I

Journalism was not my ideal, but it was my passion, and I was passionately a journalist well after I began author. I tried to make my newspaper work literary, to give it form and distinction, and it seems to me that I did not always try in vain, but I had also the instinct of actuality, of trying to make my poetry speak for its time and place. For the most part, I really made it speak for the times and places I had read of; but while Lowell was keeping my Heinesque verses among the Atlantic MSS. until he could make sure that they were not translations from Heine I was working at a piece of realism which when he printed it in the magazine our exchange newspapers lavishly reprinted. In that ingenuous time the copyright law hung loosely upon the journalistic consciousness and it was thought a friendly thing to reproduce whatever pleased the editorial fancy in the periodicals which would now frowningly forbid it, but with less wisdom than they then allowed it, as I think. I know that as its author the currency of The Pilot’s Story in our exchanges gave me a joy which I tried to hide from my senior in the next room; and I bore heroically the hurt I felt when some of the country papers printed my long, overrunning hexameters as prose. I had studied the verse not alone in Longfellow’s “Evangeline,” but in Kingsley’s “Andromeda,” and Goethe’s “Hermann and Dorothea,” while my story I had taken from a potentiality of our own life, and in the tragedy of the slave girl whose master gambles her away at monte on a Mississippi steamboat, and who flings herself into the river, I was at home with circumstance and scenery. I still do not think the thing was ill done, though now when I read it (I do not read it often) I long to bring it closer to the gait and speech of life. The popularity of the piece had its pains as well as pleasures, but the sharpest anguish I suffered was from an elocutionist who was proposing to recite it on the platform, and who came to me with it to have me hear him read it. He did not give it with the music of my inner sense, but I praised him as well as I could till he came to the point where the slave girl accuses her master with the cry of—

“Sold me! Sold me! Sold! And you promised to give me my freedom!”
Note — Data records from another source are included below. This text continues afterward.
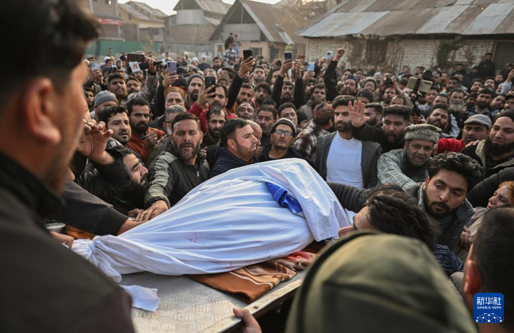 11月15日,在印控克什米尔地区斯利那加,人们哀悼爆炸事件中的遇难者。新华社发(贾韦德·达尔摄)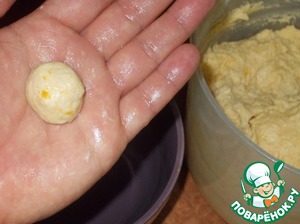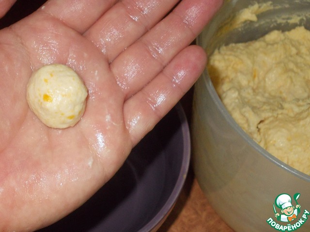 Когда вода уже почти закипела делаем вареники. Для формирования вареников смачиваем руки водой и отщипывая кусочки теста скатываем шарики.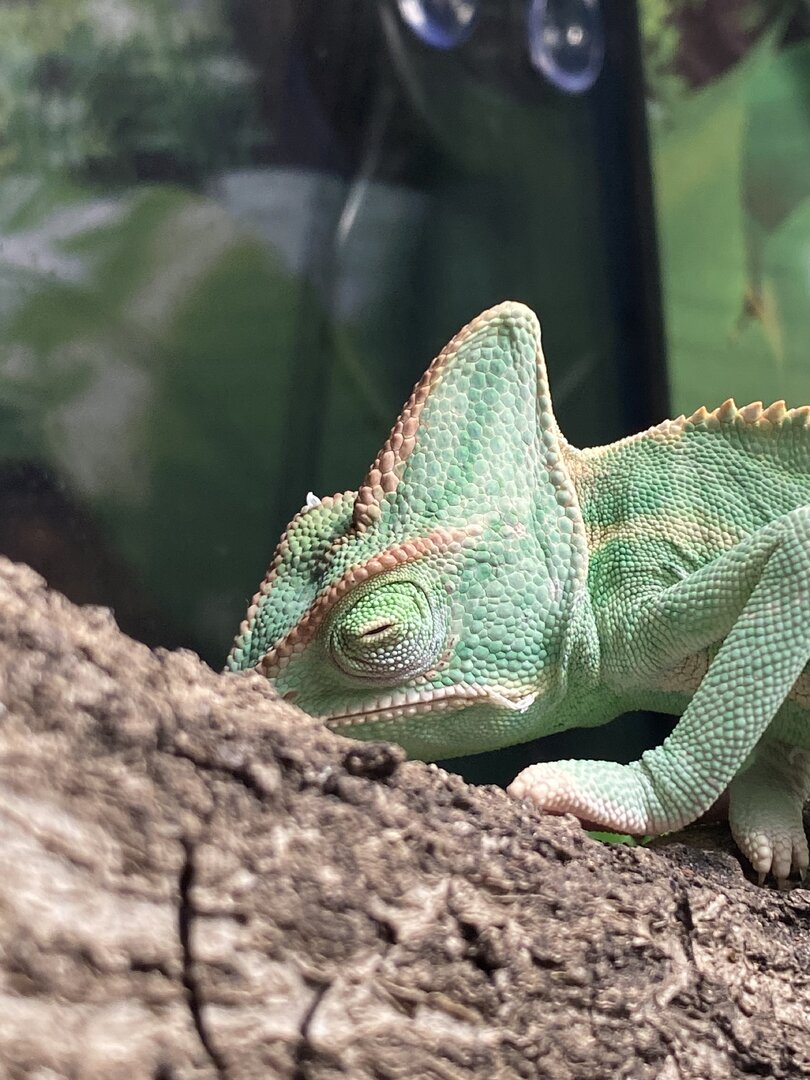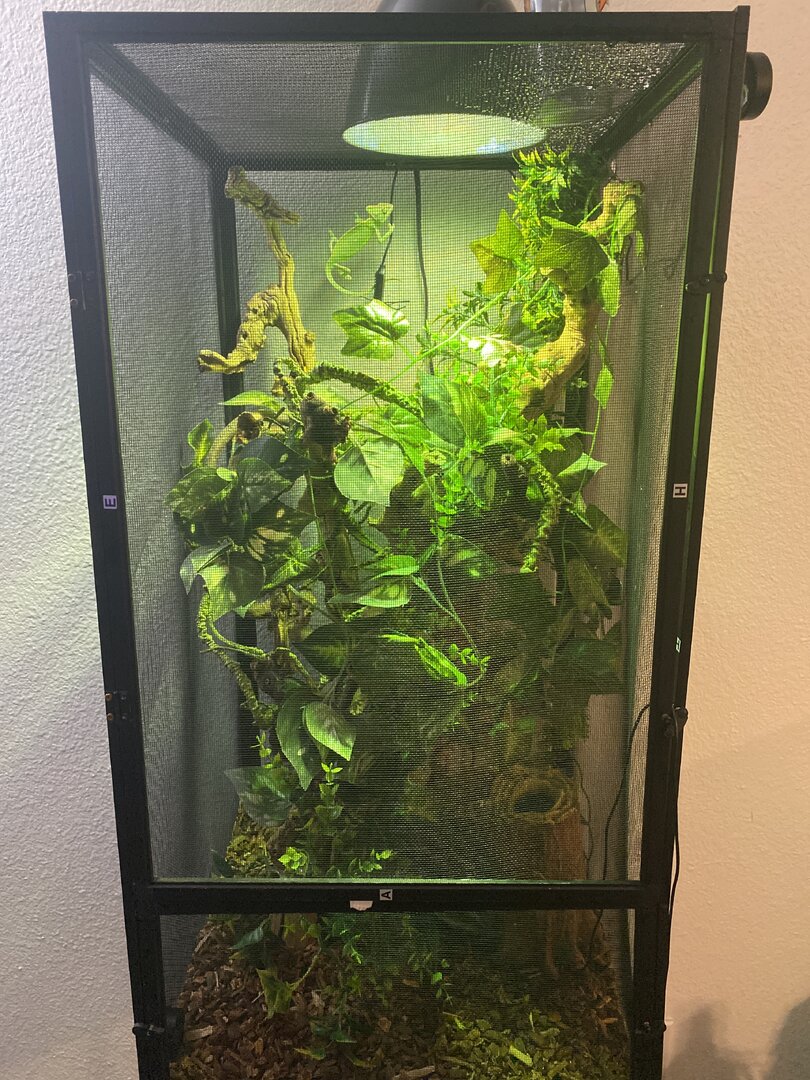- Watering - What kind of watering technique do you use? How often and how long to you mist? Do you see your chameleon drinking? We have a misting bottle that we use and we do it about 2-3 times a day- one in the morning and one once we get home but he also doesn’t seem to like it very much when we mist his cage and it gets in him so we dont really mist him directly. I’m not really sure how long we mist him for.. i would say about 20-30 seconds but we are scared to get too high of a humidity percentage. Ive seen him drink about twice but that was closer to when we first got him. We also do have a shallow watering bowl but after doing research we know that he doesn’t see it as drinking water but does sometimes walk through the water. I also plan on buying a dripper for him just because i do believe he’s dehydrated:/

when he said, “And here I think I will introduce a shriek.” “A shriek?” I faltered. “Yes, don’t you think it would fill the suspense that comes at the last word ‘Sold!’? Something like this,” and he gave a screech that made my blood run cold, not from the sensibility of the auditor, but the agony of the author. “Oh no!” I implored him, and he really seemed to imagine my suffering. He promised to spare me, but whether he had the self-denial to do so I never had the courage to inquire.

In the letters to my sister which I was so often writing in those Columbus years I find record of the constant literary strivings which the reader shall find moving or amusing as he will. “I have sold to Smith of the Odd Fellow’s Monthly at Cincinnati that little story I read to you early last summer. I called it ‘Not a Love Story.’ He gave me six dollars for it; and he says that as soon as I have time to dress up that translation which B. rejected he will buy that. At the rate of two dollars a page it will bring me sixteen or eighteen dollars. ‘Bobby’ ”—I suppose some sketch—“is going the rounds of the country papers. The bookseller here told our local editor that it was enough to make anybody’s reputation—that he and his family laughed prodigiously over it.... I have the assurance that I shall succeed, but at times I tremble lest something should happen to destroy my hopes. I think, though, that my adversity came first, and now it is prosperity lies before me. I am going to try a poem fit to be printed in the Atlantic. They pay Fullerton twenty-five dollars a page. I can sell, now, just as much as I will write.”

It was two years yet before that poem I was trying for the Atlantic was fit, and sold to the magazine for twenty-five dollars, though it was three pages long. I was glad of the pay, but the gain was nothing to the glory; and with the letter which Lowell wrote me about it in the pocket next my heart, and felt for to make sure of its presence every night and morning and throughout the day, I was of the potentiality of immeasurable success. I should have been glad of earning more money, for there were certain things I wished to do for those at home which I could not do on my salary of ten dollars a week, already beginning to be fitfully paid. Once, I find that I had not the money for the white gloves which it seems I expected myself to wear in compliance with usage at a certain party; and there were always questions of clothes. Dress-coats were not requisite then and there; the young men wore frock-coats for the evening, but I had ambitiously provided myself with the other sort upon the example of a friend who wore his all day; I wore mine outdoors once by day, and then presciently dedicated it to evening calls. The women dressed beautifully, to my fond young taste; they floated in airy hoops; they wore Spanish hats with drooping feathers in them, and were as silken balloons walking in the streets where men were apt to go in unblacked boots and sloven coats and trousers. The West has, of course, brushed up since, but in that easy-going day the Western man did not much trouble himself with new fashions or new clothes.